#### Given information:
BEGIN

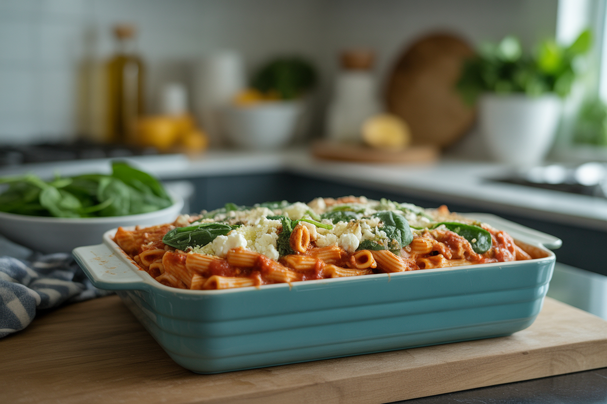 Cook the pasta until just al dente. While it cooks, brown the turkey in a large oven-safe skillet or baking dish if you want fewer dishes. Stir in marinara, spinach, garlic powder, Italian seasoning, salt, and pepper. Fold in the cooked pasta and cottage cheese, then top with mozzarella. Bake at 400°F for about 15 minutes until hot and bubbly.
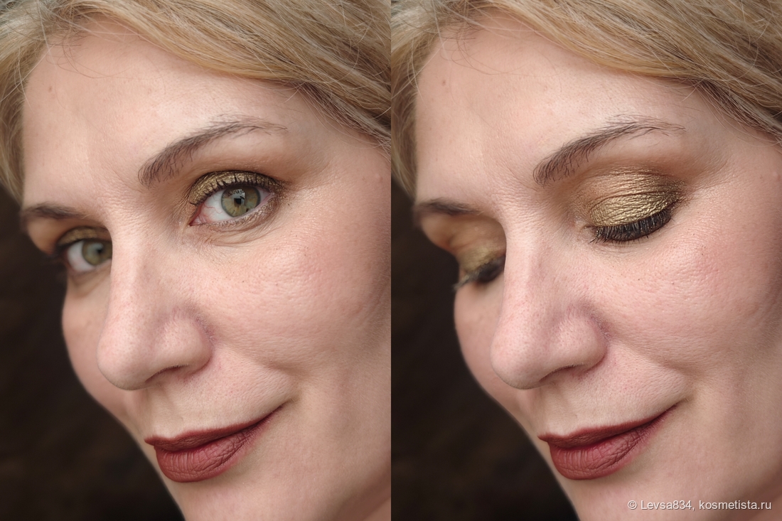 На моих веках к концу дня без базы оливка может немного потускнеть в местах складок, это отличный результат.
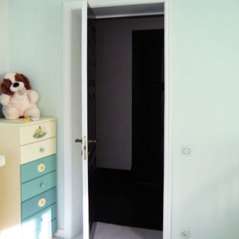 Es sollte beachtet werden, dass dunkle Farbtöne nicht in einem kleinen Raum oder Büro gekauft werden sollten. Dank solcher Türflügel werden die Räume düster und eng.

END

#### Goal of the exercise:
Without including any picture, output all the material exactly as it appears.

#### Solution to the problem:
 Cook the pasta until just al dente. While it cooks, brown the turkey in a large oven-safe skillet or baking dish if you want fewer dishes. Stir in marinara, spinach, garlic powder, Italian seasoning, salt, and pepper. Fold in the cooked pasta and cottage cheese, then top with mozzarella. Bake at 400°F for about 15 minutes until hot and bubbly.
 На моих веках к концу дня без базы оливка может немного потускнеть в местах складок, это отличный результат.
 Es sollte beachtet werden, dass dunkle Farbtöne nicht in einem kleinen Raum oder Büro gekauft werden sollten. Dank solcher Türflügel werden die Räume düster und eng.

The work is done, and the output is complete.